> _WORK ORDER_
Reproduce the entries exactly, but keep the pictures out of the copy.

(Collection entries)
'''

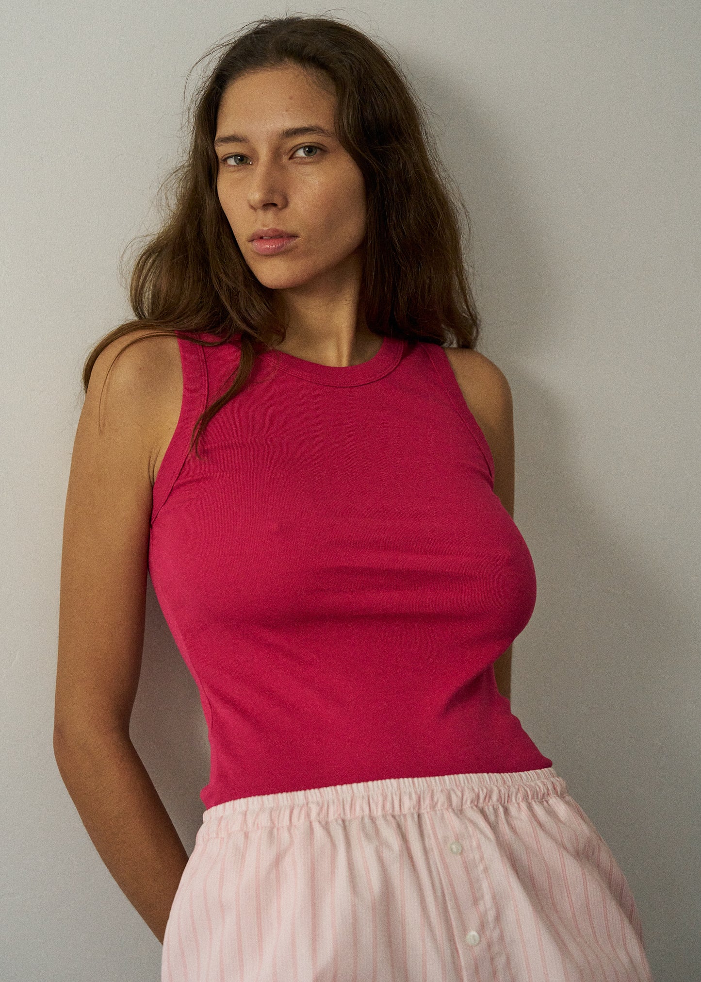 En ikonisk basisstil, der har været en del af kollektionen siden den første lancering i 2017. June tanktop har en klassisk, figursyet pasform med en flatterende rund crewneck. Fremstillet i blød, økologisk bomuld for maksimal komfort og prydet med en subtil monogrambrodering i nakken.
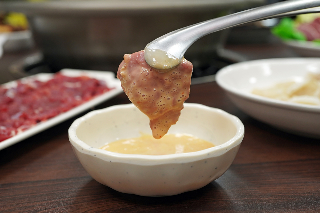 ▼ 沾點豆乳醬,鹹香的味道帶點很淡的辣,果然和羊肉很對味。
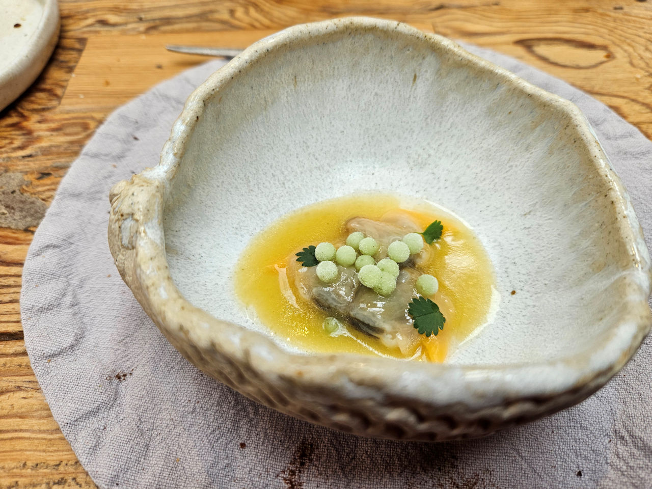 - Herzmuscheln in einer Marinade aus weißem Thymian und Zitronenverbene.
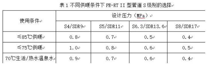 由以上表可以看出,PE-RT II型管道一般選用S5系列即可滿足小區(qū)集中供暖管網(wǎng)的運(yùn)行溫度、1、壓力要求
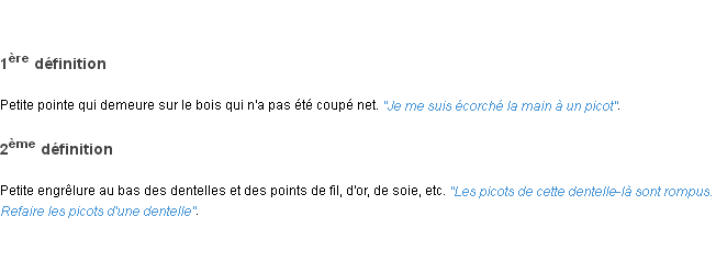 Ancienne signification issue du dico de l’Académie Française, parue en 1798.Merci à Léandre et Adrienne pour la numérisation du mot picot.
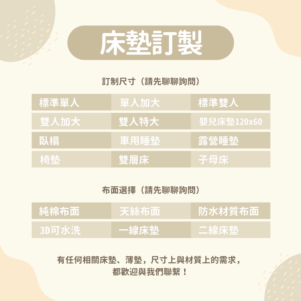 【UN#】100%天然乳膠 床墊客製專區|專業訂製/ 嬰兒床 / 雙層床 /子母床 /露營床墊 /薄床墊

'''

> _PROBLEM SOLUTION_
 En ikonisk basisstil, der har været en del af kollektionen siden den første lancering i 2017. June tanktop har en klassisk, figursyet pasform med en flatterende rund crewneck. Fremstillet i blød, økologisk bomuld for maksimal komfort og prydet med en subtil monogrambrodering i nakken.
 ▼ 沾點豆乳醬,鹹香的味道帶點很淡的辣,果然和羊肉很對味。
 - Herzmuscheln in einer Marinade aus weißem Thymian und Zitronenverbene.
 由以上表可以看出,PE-RT II型管道一般選用S5系列即可滿足小區(qū)集中供暖管網(wǎng)的運(yùn)行溫度、1、壓力要求
 Ancienne signification issue du dico de l’Académie Française, parue en 1798.Merci à Léandre et Adrienne pour la numérisation du mot picot.
 【UN#】100%天然乳膠 床墊客製專區|專業訂製/ 嬰兒床 / 雙層床 /子母床 /露營床墊 /薄床墊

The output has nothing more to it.